THE DATA:
'''
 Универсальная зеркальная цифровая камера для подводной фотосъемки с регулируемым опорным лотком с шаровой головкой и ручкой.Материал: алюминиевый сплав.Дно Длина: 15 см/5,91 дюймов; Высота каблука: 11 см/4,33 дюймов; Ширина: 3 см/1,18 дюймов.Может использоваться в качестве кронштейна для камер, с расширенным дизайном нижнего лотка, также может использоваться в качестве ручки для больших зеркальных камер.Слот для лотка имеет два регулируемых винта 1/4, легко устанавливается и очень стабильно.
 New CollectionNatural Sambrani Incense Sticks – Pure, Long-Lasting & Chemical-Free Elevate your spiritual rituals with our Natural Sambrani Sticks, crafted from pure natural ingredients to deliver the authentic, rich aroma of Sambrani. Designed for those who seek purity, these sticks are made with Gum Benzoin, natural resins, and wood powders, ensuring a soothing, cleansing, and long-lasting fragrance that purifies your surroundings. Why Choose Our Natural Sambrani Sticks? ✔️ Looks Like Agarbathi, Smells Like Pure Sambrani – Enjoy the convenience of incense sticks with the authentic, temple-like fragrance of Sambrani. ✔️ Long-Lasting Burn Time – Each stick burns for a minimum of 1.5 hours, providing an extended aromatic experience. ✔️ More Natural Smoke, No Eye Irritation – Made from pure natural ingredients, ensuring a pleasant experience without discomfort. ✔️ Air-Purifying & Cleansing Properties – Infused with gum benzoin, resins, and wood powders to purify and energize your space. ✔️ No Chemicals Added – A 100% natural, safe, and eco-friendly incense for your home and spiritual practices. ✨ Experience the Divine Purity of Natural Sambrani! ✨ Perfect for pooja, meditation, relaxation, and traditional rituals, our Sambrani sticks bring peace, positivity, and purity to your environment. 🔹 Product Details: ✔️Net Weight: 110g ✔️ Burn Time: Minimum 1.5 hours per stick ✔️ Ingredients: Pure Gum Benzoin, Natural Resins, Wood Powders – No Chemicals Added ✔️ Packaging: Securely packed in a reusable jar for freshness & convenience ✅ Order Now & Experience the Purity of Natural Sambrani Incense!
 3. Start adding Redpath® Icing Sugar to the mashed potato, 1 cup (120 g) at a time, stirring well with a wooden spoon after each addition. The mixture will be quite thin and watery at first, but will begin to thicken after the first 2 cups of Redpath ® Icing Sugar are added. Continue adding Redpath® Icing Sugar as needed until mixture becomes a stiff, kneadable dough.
'''
WHAT YOU ARE ASKED TO DO: Print out the whole of the material above exactly.

RESPONSE FOR THIS EXERCISE:
 Универсальная зеркальная цифровая камера для подводной фотосъемки с регулируемым опорным лотком с шаровой головкой и ручкой.Материал: алюминиевый сплав.Дно Длина: 15 см/5,91 дюймов; Высота каблука: 11 см/4,33 дюймов; Ширина: 3 см/1,18 дюймов.Может использоваться в качестве кронштейна для камер, с расширенным дизайном нижнего лотка, также может использоваться в качестве ручки для больших зеркальных камер.Слот для лотка имеет два регулируемых винта 1/4, легко устанавливается и очень стабильно.
 New CollectionNatural Sambrani Incense Sticks – Pure, Long-Lasting & Chemical-Free Elevate your spiritual rituals with our Natural Sambrani Sticks, crafted from pure natural ingredients to deliver the authentic, rich aroma of Sambrani. Designed for those who seek purity, these sticks are made with Gum Benzoin, natural resins, and wood powders, ensuring a soothing, cleansing, and long-lasting fragrance that purifies your surroundings. Why Choose Our Natural Sambrani Sticks? ✔️ Looks Like Agarbathi, Smells Like Pure Sambrani – Enjoy the convenience of incense sticks with the authentic, temple-like fragrance of Sambrani. ✔️ Long-Lasting Burn Time – Each stick burns for a minimum of 1.5 hours, providing an extended aromatic experience. ✔️ More Natural Smoke, No Eye Irritation – Made from pure natural ingredients, ensuring a pleasant experience without discomfort. ✔️ Air-Purifying & Cleansing Properties – Infused with gum benzoin, resins, and wood powders to purify and energize your space. ✔️ No Chemicals Added – A 100% natural, safe, and eco-friendly incense for your home and spiritual practices. ✨ Experience the Divine Purity of Natural Sambrani! ✨ Perfect for pooja, meditation, relaxation, and traditional rituals, our Sambrani sticks bring peace, positivity, and purity to your environment. 🔹 Product Details: ✔️Net Weight: 110g ✔️ Burn Time: Minimum 1.5 hours per stick ✔️ Ingredients: Pure Gum Benzoin, Natural Resins, Wood Powders – No Chemicals Added ✔️ Packaging: Securely packed in a reusable jar for freshness & convenience ✅ Order Now & Experience the Purity of Natural Sambrani Incense!
 3. Start adding Redpath® Icing Sugar to the mashed potato, 1 cup (120 g) at a time, stirring well with a wooden spoon after each addition. The mixture will be quite thin and watery at first, but will begin to thicken after the first 2 cups of Redpath ® Icing Sugar are added. Continue adding Redpath® Icing Sugar as needed until mixture becomes a stiff, kneadable dough.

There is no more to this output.